New deployment pods never being added to new target group

michael-careplanner commented 2 years ago

Describe the bug Changing an ingress group and doing a deployment rollout at the same time can cause new pods to never be registered on the new target group. This causes the readiness gate on the pod to never pass, stalling the deployment rollout. The only fix is to delete the unready pod, at which point a new one is created that gets added to the new target group as expected.

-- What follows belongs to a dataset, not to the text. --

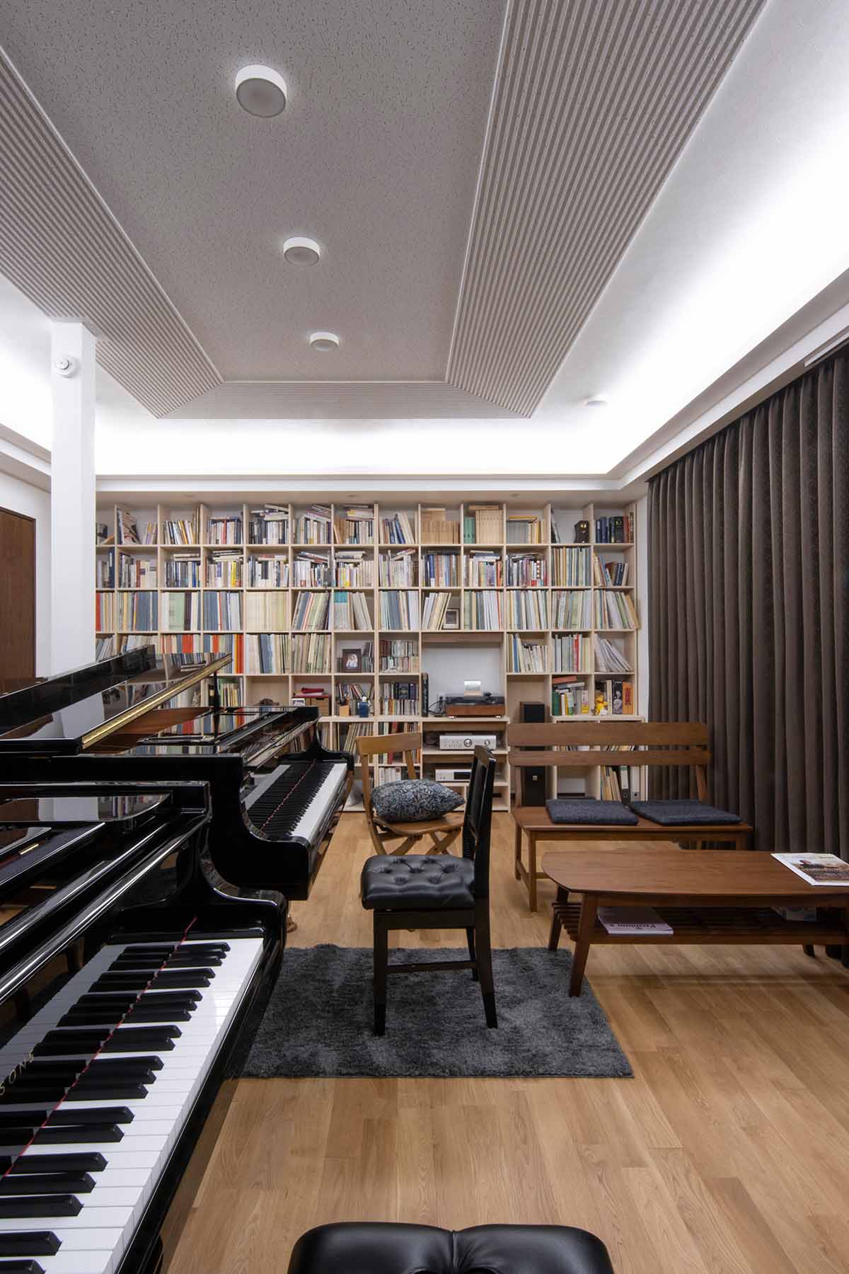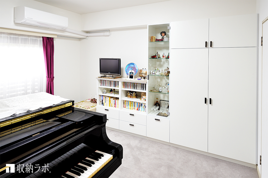 オーダーメイドの壁面収納で、開放感のあるピアノのレッスンルームを実現。 - オーダー家具・壁面収納・収納ラボ。

Steps to reproduce nginx-chart.tar.gz

Above is a simple Helm chart that can be used to replicate this bug. It runs an nginx deployment with a service and ingress. To replicate, install this chart into a namespace with a elbv2.k8s.aws/pod-readiness-gate-inject: enabled annotation:

helm install nginx-chart nginx-chart/ --set group=internal --set tag=stable

Then, trigger an update of the chart, changing both the nginx image tag (to trigger a deployment rollout) and the ingress group at the same time:

helm upgrade nginx-chart nginx-chart/ --set group=external --set tag=latest

Sometimes it takes a few toggles between the group / tag to trigger the buggy behaviour, but after a few tries you should see that there is a single pod with the readiness gate at 0/1, and if you check the target group that pod's IP will not have been registered with the load balancer. This unready pod will remain indefinitely and never be registered to the target group.

Expected outcome The newly deployed pod is registered on the new target group, becomes healthy, and passes the readiness gate, allowing the deployment to complete successfully.

Environment

AWS Load Balancer controller version:
- 2.2.3
Kubernetes version:
- 1.21
Using EKS (yes/no), if so version?
- Yes. 1.21

Additional Context: I think this could be a similar race condition issue to https://github.com/kubernetes-sigs/aws-load-balancer-controller/issues/1764

Looking at the controller logs as this is happening it:

Register the newly created pod against the old target group
Deregister this pod against the old target group
Delete the old target group
Create a new target group
Never register the new pod into the new target group

kishorj commented 2 years ago

/assign @M00nF1sh

M00nF1sh commented 2 years ago

This is a similar race condition for https://github.com/kubernetes-sigs/aws-load-balancer-controller/issues/1764. It's due to the TGBs are not created when the pods are created.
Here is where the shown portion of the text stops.